How has fee compression affected retirement planning?

How has fee compression affected retirement planning?
Fee compression is the retirement market adapting to address decumulation needs of plan participants, says Broadridge.
AUG 14, 2024
By  Josh Welsh

As the retirement landscape continues to evolve along with the subsequent plan offerings made available to advisors and investors alike, large players in the retirement space are adding retirement income solutions to their platforms.

Investment fees continue to decline, and an increasing number of Americans lack access to guaranteed income solutions. As a result, this is putting pressure on asset managers to chase alternative income streams and offer lower-cost solutions. Advisors, arguably more than ever, must constantly review fee structures.

John Faustino, head of retirement products at Broadridge Financial Solutions, believes product providers have been facing ongoing fee compression for years. 

He says the recent commercial efforts around launching new retirement income solutions can be viewed as “the retirement market adapting to address recently highlighted decumulation needs of plan participants.”

“These innovative offerings generally provide plan participants with lower-cost annuity benefits than they'd be able to purchase out of plan, while also providing the retirement plan solution providers with an alternative income source,” he says.

Additionally, fee compression provides potential opportunities for providers to differentiate and increase distribution in addition to adding to their margin.

 “There's less fee compression happening on the insurance side than on the investment side,” he noted. “When these insurance offerings are made available within a 401(k) plan versus being individually sold in general, the fees are less. But then there's an opportunity for these firms to make up for it with distribution.”

This dynamic is driving increased interest in insurance-based retirement income solutions, such as annuities, which can provide a level of guaranteed income for retirees. Faustino notes that these products may offer an opportunity for providers to differentiate themselves and potentially offset the impact of fee compression.

As far as qualified retirement plans go, Jim Wessels, partner and financial advisor at Vision Financial, says fee compression means the retirement landscape has become “more cost competitive,” pointing to the 401(k) space, which “is a fraction of what it used to cost.”

“We have better technology, and you've had consolidation of the record keepers to where there's more scale that allows them to offer more for less,” he says.

Wessels also acknowledges that the industry hasn’t really focused on fee compression, recalling in the past that most accounts that were in the quarter million to $1 million range were paying roughly a 1 percent asset management fee.

Meanwhile, advisors who are gathering assets are providing “a heck of a lot more in service than what you saw 20 years ago when they were collecting that fee,” says Wessels.

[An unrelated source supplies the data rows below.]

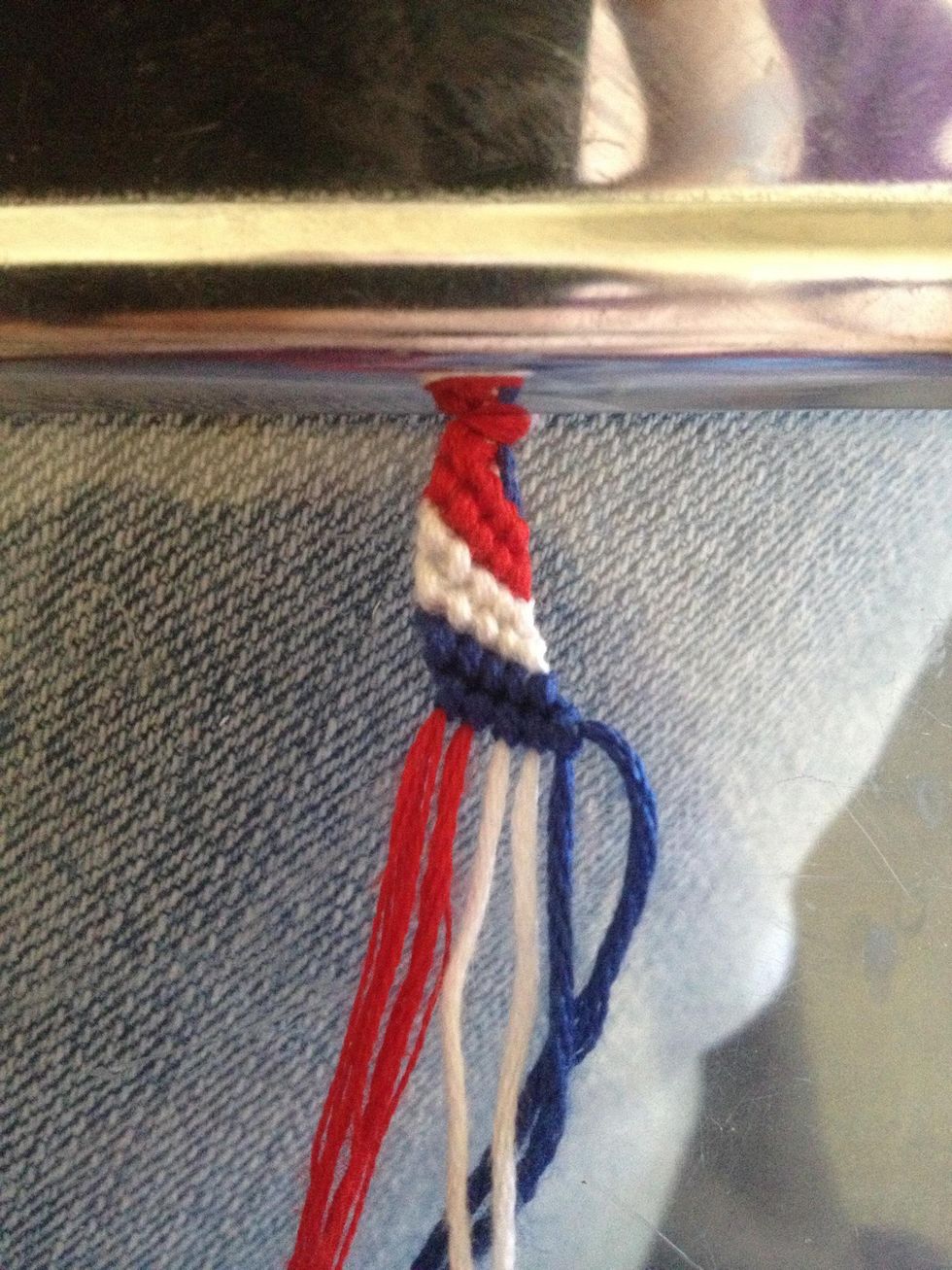 Once you have the first knot done, take the same red string and make a knot on the next color. In this bracelet it would be white. Continue to make knots on all the remaining strings.
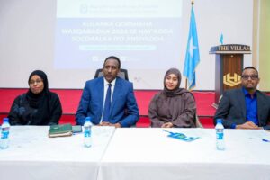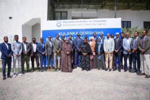 Muqdisho(Wargeyska Dalka):-Agaasimaha Guud ee Hay’adda Socdaalka iyo Jinsiyadda Mudane Mustafa Duhulow ayaa si rasmi ah u daah-furay banbax lagu diyaarinayo Qorshaha Waxqabad 2026 ee Hay’adda Socdaalka iyo Jinsiyadda oo uu halku dhigiisu ahaa (Adeeg Bixin Sahlan, Hufan, oo Tayo Leh). Banbaxaa waxaa qeyb ka ahaa Agaasime-ku-xigeennada Guud, lataliyeyaasha hay’adda, Agaasime Waaxeedyada, Agaasime Laameedyada, Madax Qeybeedyada, Madax Xafiisyeedyada, iyo Kormeerayaasha.
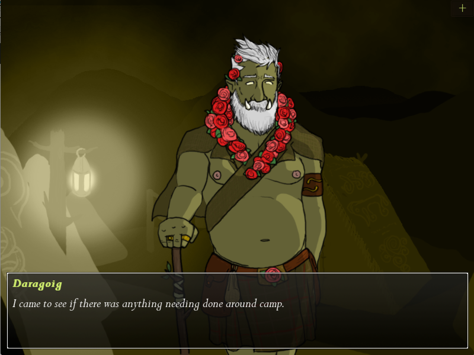 There’s a lot of dialogue even in the short demo, quite a bit of which concerns the change in orcish communities over time. It’s a not-at-all hidden way of talking about queer communities, and in particular the fact that being treated badly by the rest of society tends to produce intense bonds on the inside. One of the orcs reflects how decreasing marginalization can lead to a loss of solidarity and identity. The discussion around this was pretty nuanced and well-observed. By the end of the first day, I felt more invested in the group I was part of than attracted to/invested in any one romantic prospect.
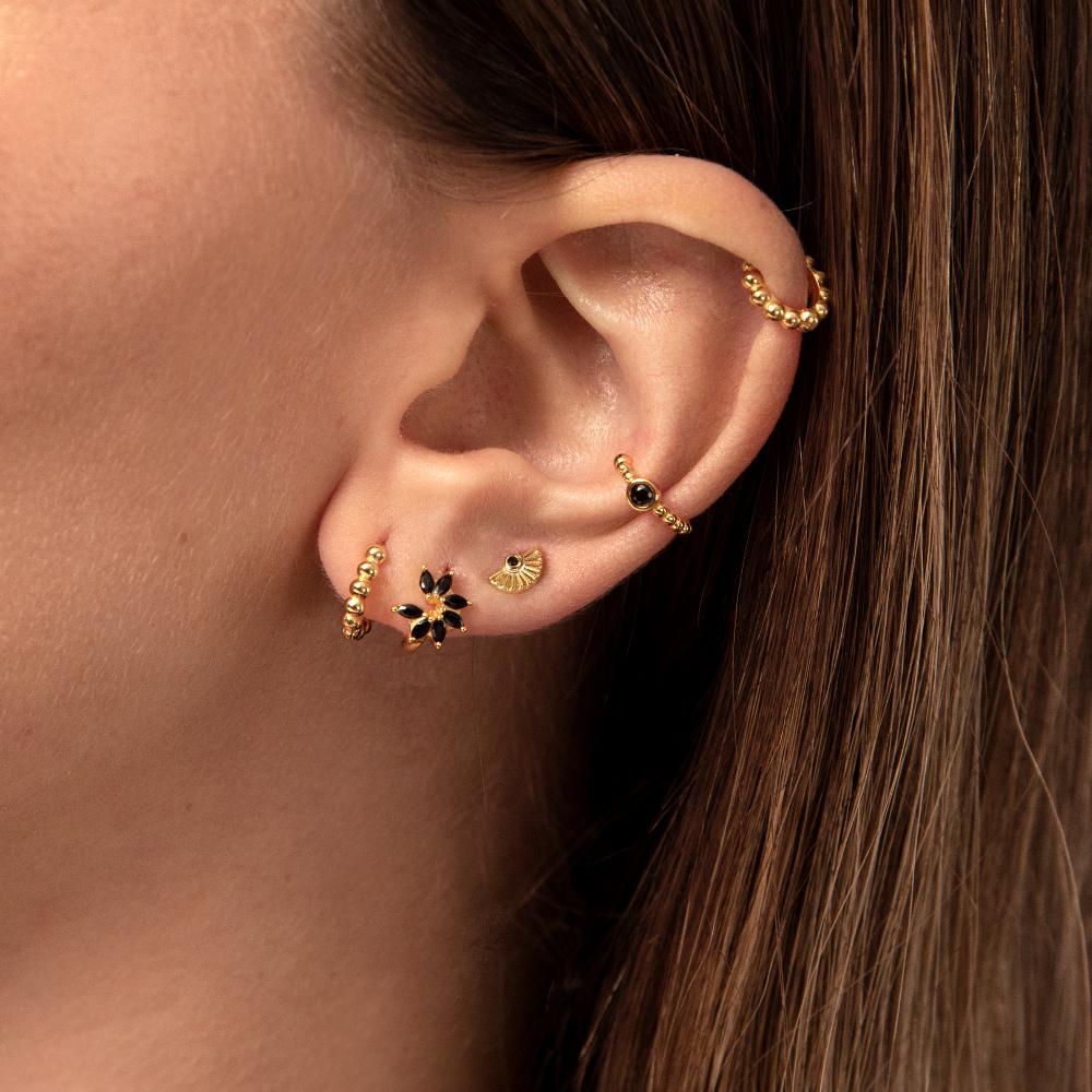 Song son unos pendientes de aro con una flor abierta con circonitas. Es el pendiente perfecto para llevar tanto como accesorio principal como en el segundo agujero.
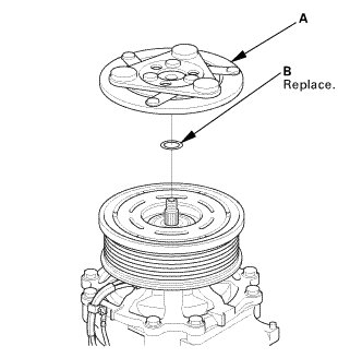 * After reinstallation, cycle the A/C clutch approximately 20 times by running the engine at 1,500-2,000 rpm and setting the A/C system to MAX A/C mode. This procedure seats the clutch sliding surfaces, and increases clutch torque capacity.

Now, he says, clients are still paying the 1 percent fee along with the expectation of getting a comprehensive and detailed financial plan, that includes estate planning and tax planning, and examining the risk management that goes with it.

Chuck Failla, CEO of Sovereign Financial, says while the industry has certainly seen a "tremendous" amount of fee compression, it's also becoming more critical for advisors to deliver value.

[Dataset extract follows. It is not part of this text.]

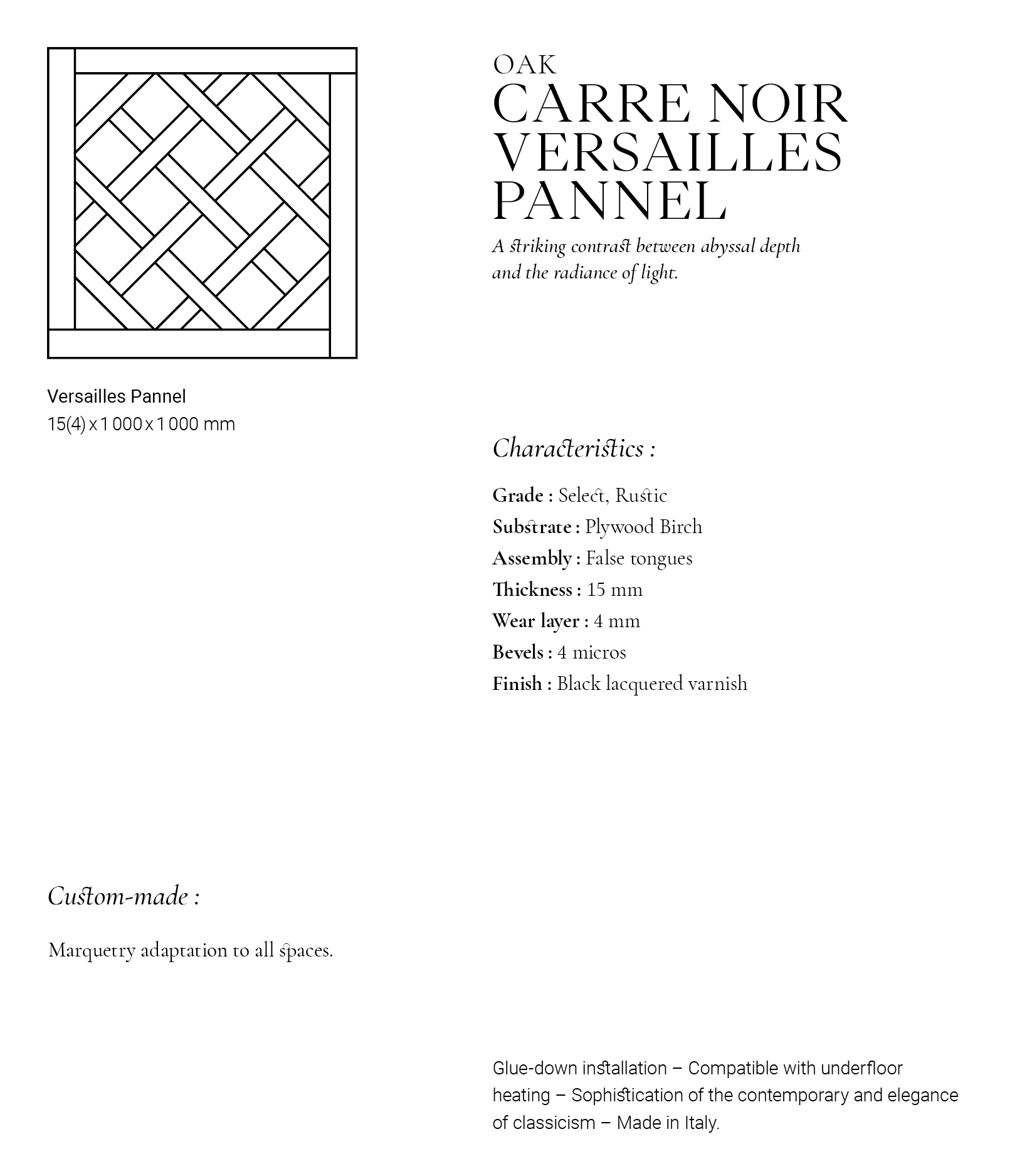 Our 'Quantième' collection and Versailles Carré Noir Wood Flooring Tile create a fascinating blend of past and present, transporting you to a timeless space. The iconic Versailles pattern, reminiscent of the grandeur of historic palaces, is brought into the contemporary era with its deep, captivating black hue. This tile perfectly marries the sophistication of modern design with the elegance of classicism. Expertly crafted by artisans, it boasts a luxuriously silky texture. The sensual curves and organic lines make it a true ode to the beauty of noble materials. Made in our Italian workshop, this collection represents the pinnacle of artisanal skill, seamlessly blending tradition with innovation and creativity
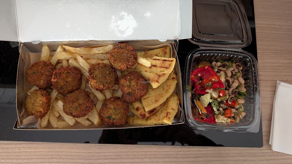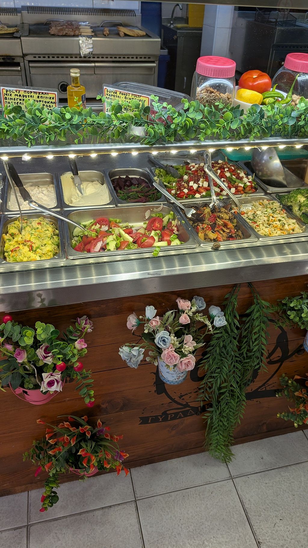 Serves meat, vegan options available. Small gyros place with vegan choices such as falafel, fries, black-eyed peas salad, and roasted vegetable salad. The venue has a 'vegan' label outside and staff is familiar with vegan requirements, though they speak limited English. Open Mon 12:00pm-12:00pm, Tue-Sat 12:00pm-12:00am. Closed Sat & Sun.

"You could justify higher fees, but you got to be delivering value for that," he says. One of the ways advisors can tap into their value proposition is by offering a pooled employer plan (PEP).

"It was designed to essentially make it easier and more efficient for companies to get their 401(k)s at a lower cost point," he explains. "Basically, you could pull in multiple different employers into one larger plan, and they benefit with fee and cost reductions.

"Where the PEP comes into play is it brings some of those administrative costs down lower. You'd be charging a lower fee, but theoretically, you should be able to manage more business because of these more efficient constructs," Failla added.

Faustino cautions that as these solutions become more widely available within 401(k) plans, the fees associated with them are likely to become more competitive as well. This underscores the importance of advisors conducting thorough due diligence to identify the most suitable options for their clients.

“If you think about insurance models in general, many of them are about risk pooling. If you can get more individuals to sign up for these solutions, you can offer them at a lower rate, and then those that survive end up getting the benefits,” says Faustino.

Ultimately, Faustino believes that the solutions offered as default investment options within retirement plans are likely to be the most successful, as individual participants often don't engage as actively as one might hope, even with education and guidance.

"I think any of the solutions that are offered as a default are going to be the winners," he says.